### Exercise
Could you retype the entries below exactly, omitting every picture?
--- START ---
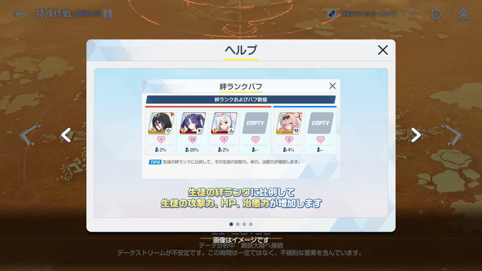 絆ランクボーナスとは、生徒の絆ランクに比例して「攻撃力 / HP / 治癒力」が増加するシステムです。
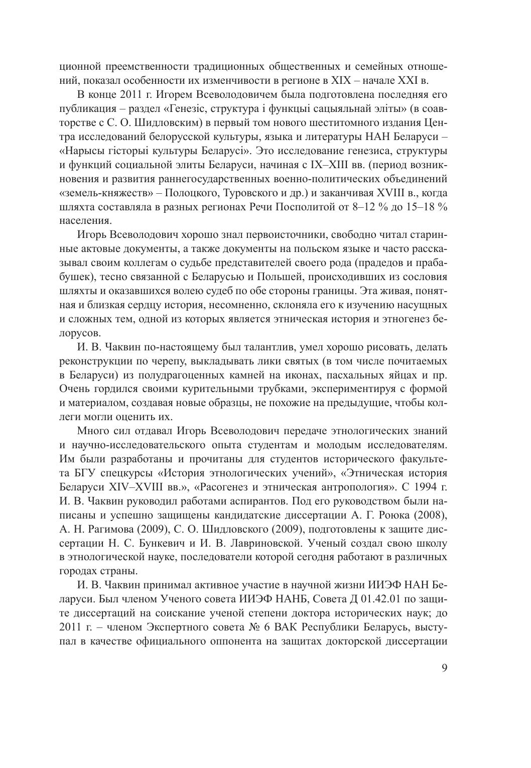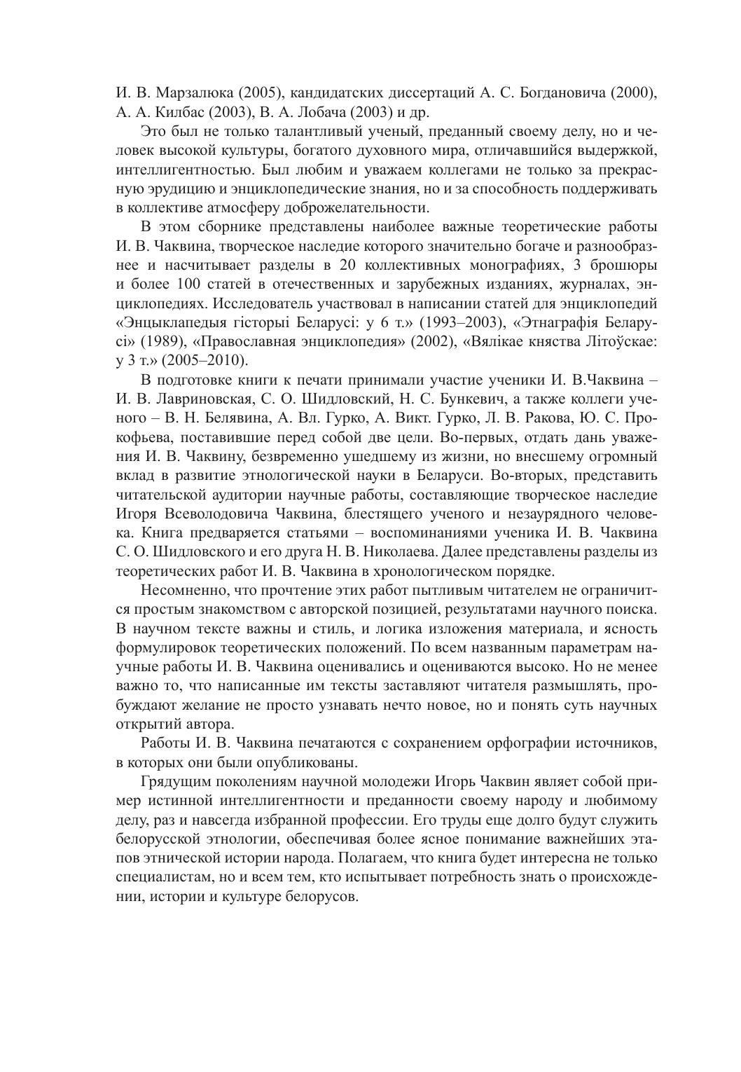 Сборник включает избранные труды недавно ушедшего из жизни талантливого ученого Игоря Всеволодовича Чаквина, который работал над сложнейшими теоретическими проблемами этнологии: этногенез и этническая история белорусов и других славянских народов, соседних с ними этносов и этнических групп, культура белорусского народа эпохи Средневековья и Нового времени, антропология древнейшего и современного населения Беларуси. В сборнике представлены наиболее важные теоретические работы И. В. Чак вина, творческое наследие которого охватывало как область фундаментальной, так и прикладной исторической и этнологической науки, а также ряд смежных дисциплин – антропологии, фольклористики, религиоведения и др. Предназначена историкам, краеведам, студентам вузов, широкому кругу читателей, интересующихся историей родного края и происхождением белорусского народа.
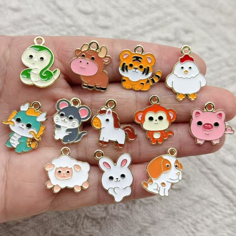DIY饰品配件滴油卡通可爱十二生肖动物ins潮手作材料吊坠挂件配饰
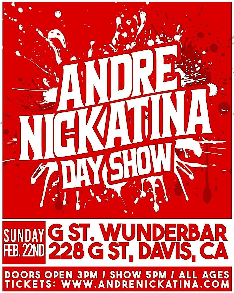 Get ready for an awesome in-person experience with Andre Nickatina live at G St. Wunderbar Davis! This day show brings all the good vibes and killer beats you love. Grab your friends, soak up the atmosphere, and enjoy some unforgettable tunes in a chill setting. Don’t miss out on this epic event!
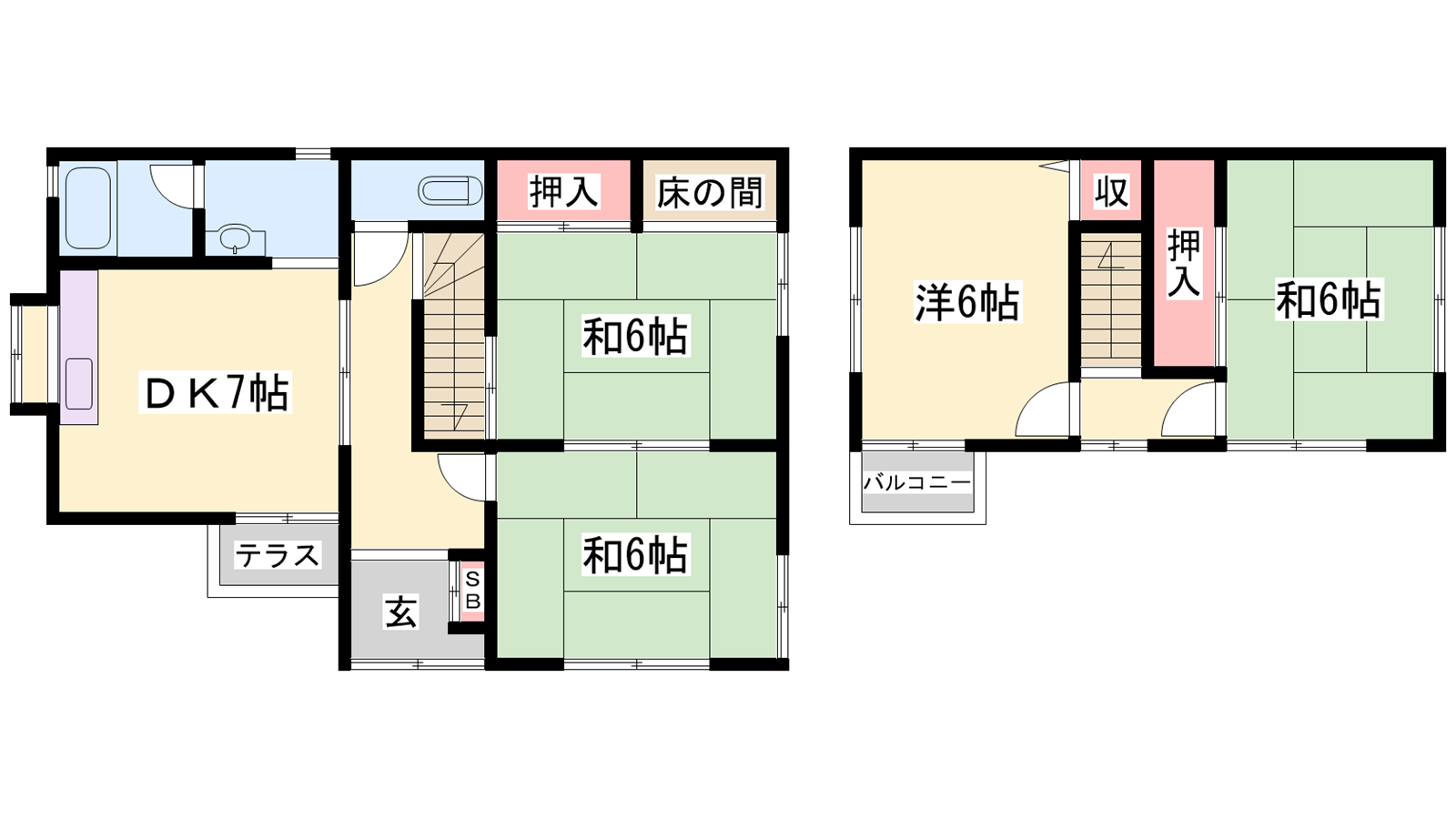 - DK7帖、洋室6帖、和室6帖、和室6帖、和室6帖
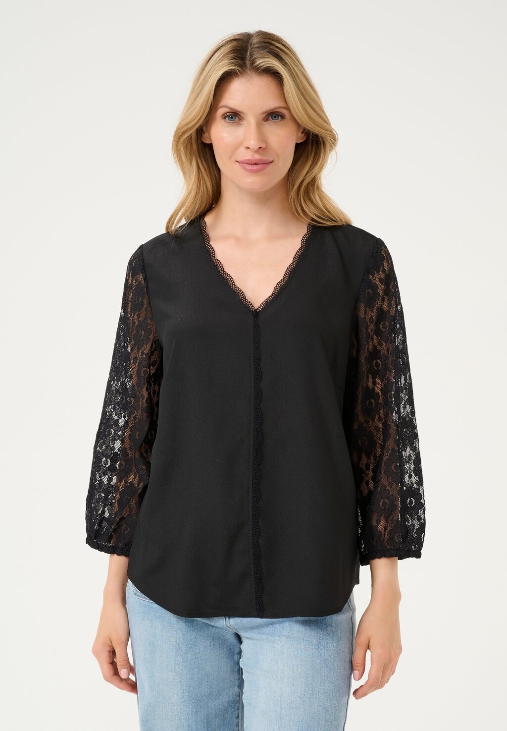 Блуза KASILJA V-NECK LACE Kaffe, цвет Mottled Black
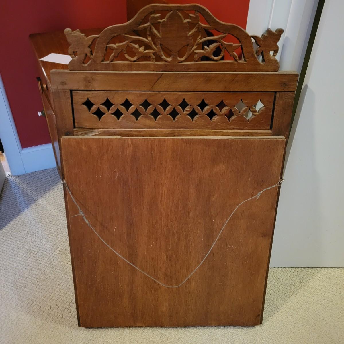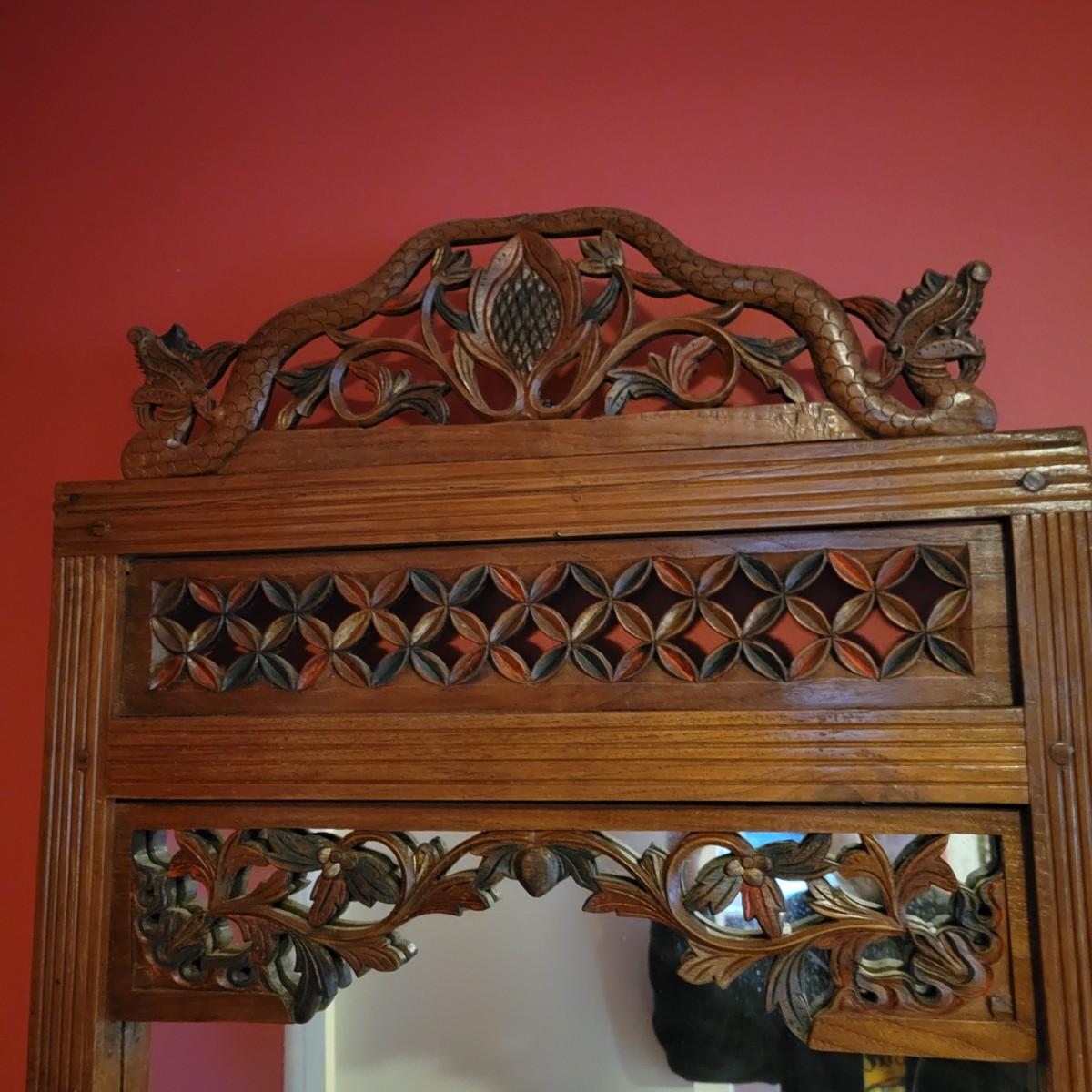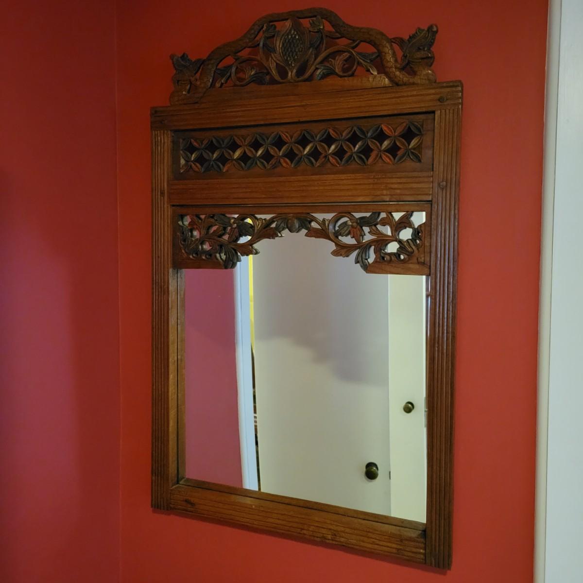 A mirror with carved wooden frame that appears to be antique. It measures approximately 24.5" x 1.5" x 38.5"H. Shipping available. Shipping certain items can be costly. We suggest contacting our preferred local shipping provider, Postage Express, with dimensions and getting an estimate before bidding: (828) 670-5501 or postageexpress@yahoo.com.
--- END ---
### Written answer
 絆ランクボーナスとは、生徒の絆ランクに比例して「攻撃力 / HP / 治癒力」が増加するシステムです。
 Сборник включает избранные труды недавно ушедшего из жизни талантливого ученого Игоря Всеволодовича Чаквина, который работал над сложнейшими теоретическими проблемами этнологии: этногенез и этническая история белорусов и других славянских народов, соседних с ними этносов и этнических групп, культура белорусского народа эпохи Средневековья и Нового времени, антропология древнейшего и современного населения Беларуси. В сборнике представлены наиболее важные теоретические работы И. В. Чак вина, творческое наследие которого охватывало как область фундаментальной, так и прикладной исторической и этнологической науки, а также ряд смежных дисциплин – антропологии, фольклористики, религиоведения и др. Предназначена историкам, краеведам, студентам вузов, широкому кругу читателей, интересующихся историей родного края и происхождением белорусского народа.
DIY饰品配件滴油卡通可爱十二生肖动物ins潮手作材料吊坠挂件配饰
 Get ready for an awesome in-person experience with Andre Nickatina live at G St. Wunderbar Davis! This day show brings all the good vibes and killer beats you love. Grab your friends, soak up the atmosphere, and enjoy some unforgettable tunes in a chill setting. Don’t miss out on this epic event!
 - DK7帖、洋室6帖、和室6帖、和室6帖、和室6帖
 Блуза KASILJA V-NECK LACE Kaffe, цвет Mottled Black
 A mirror with carved wooden frame that appears to be antique. It measures approximately 24.5" x 1.5" x 38.5"H. Shipping available. Shipping certain items can be costly. We suggest contacting our preferred local shipping provider, Postage Express, with dimensions and getting an estimate before bidding: (828) 670-5501 or postageexpress@yahoo.com.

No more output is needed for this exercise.